*** Opening of Study material ***

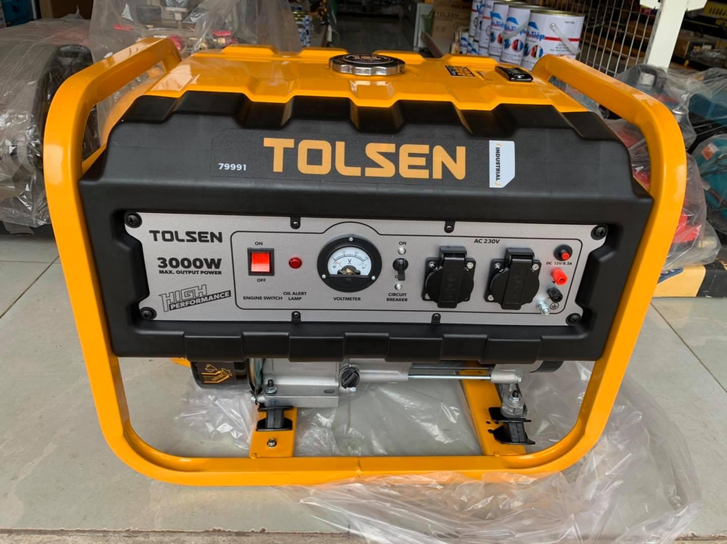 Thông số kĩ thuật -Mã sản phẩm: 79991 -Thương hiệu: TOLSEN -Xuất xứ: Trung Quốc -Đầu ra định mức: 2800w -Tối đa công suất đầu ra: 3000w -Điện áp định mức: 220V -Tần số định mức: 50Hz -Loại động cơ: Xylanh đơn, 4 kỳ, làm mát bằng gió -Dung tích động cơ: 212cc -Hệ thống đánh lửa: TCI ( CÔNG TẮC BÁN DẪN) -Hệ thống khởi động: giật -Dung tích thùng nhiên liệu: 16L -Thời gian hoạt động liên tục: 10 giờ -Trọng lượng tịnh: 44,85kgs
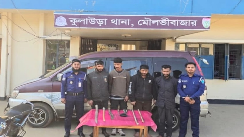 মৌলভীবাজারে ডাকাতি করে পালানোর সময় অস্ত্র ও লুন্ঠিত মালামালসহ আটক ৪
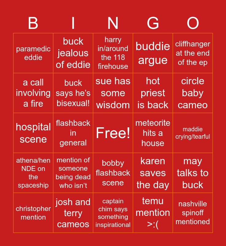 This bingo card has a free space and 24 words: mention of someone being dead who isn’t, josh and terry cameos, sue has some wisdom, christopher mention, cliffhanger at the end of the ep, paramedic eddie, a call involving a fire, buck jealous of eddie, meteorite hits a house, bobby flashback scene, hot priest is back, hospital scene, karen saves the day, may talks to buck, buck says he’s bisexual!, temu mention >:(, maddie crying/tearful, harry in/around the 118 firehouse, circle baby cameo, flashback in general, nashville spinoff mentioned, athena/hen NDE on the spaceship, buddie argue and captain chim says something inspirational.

*** Close of Study material ***
*** Opening of Study material ***

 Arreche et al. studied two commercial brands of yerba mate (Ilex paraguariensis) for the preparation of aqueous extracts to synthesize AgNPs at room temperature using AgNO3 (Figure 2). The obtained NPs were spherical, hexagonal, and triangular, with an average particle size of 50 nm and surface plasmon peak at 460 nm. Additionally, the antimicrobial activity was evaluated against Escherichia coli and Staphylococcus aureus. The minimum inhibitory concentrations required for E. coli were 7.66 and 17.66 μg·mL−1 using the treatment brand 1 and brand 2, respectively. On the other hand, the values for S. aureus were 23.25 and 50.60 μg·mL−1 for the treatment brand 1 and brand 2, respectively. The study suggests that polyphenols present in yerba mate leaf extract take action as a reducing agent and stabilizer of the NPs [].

*** Close of Study material ***

Only the lines above from the one containing "মৌলভীবাজারে ডাকাতি করে" through the one containing "This bingo card" should be returned, verbatim and inclusive, with pictures excluded.

 মৌলভীবাজারে ডাকাতি করে পালানোর সময় অস্ত্র ও লুন্ঠিত মালামালসহ আটক ৪
 This bingo card has a free space and 24 words: mention of someone being dead who isn’t, josh and terry cameos, sue has some wisdom, christopher mention, cliffhanger at the end of the ep, paramedic eddie, a call involving a fire, buck jealous of eddie, meteorite hits a house, bobby flashback scene, hot priest is back, hospital scene, karen saves the day, may talks to buck, buck says he’s bisexual!, temu mention >:(, maddie crying/tearful, harry in/around the 118 firehouse, circle baby cameo, flashback in general, nashville spinoff mentioned, athena/hen NDE on the spaceship, buddie argue and captain chim says something inspirational.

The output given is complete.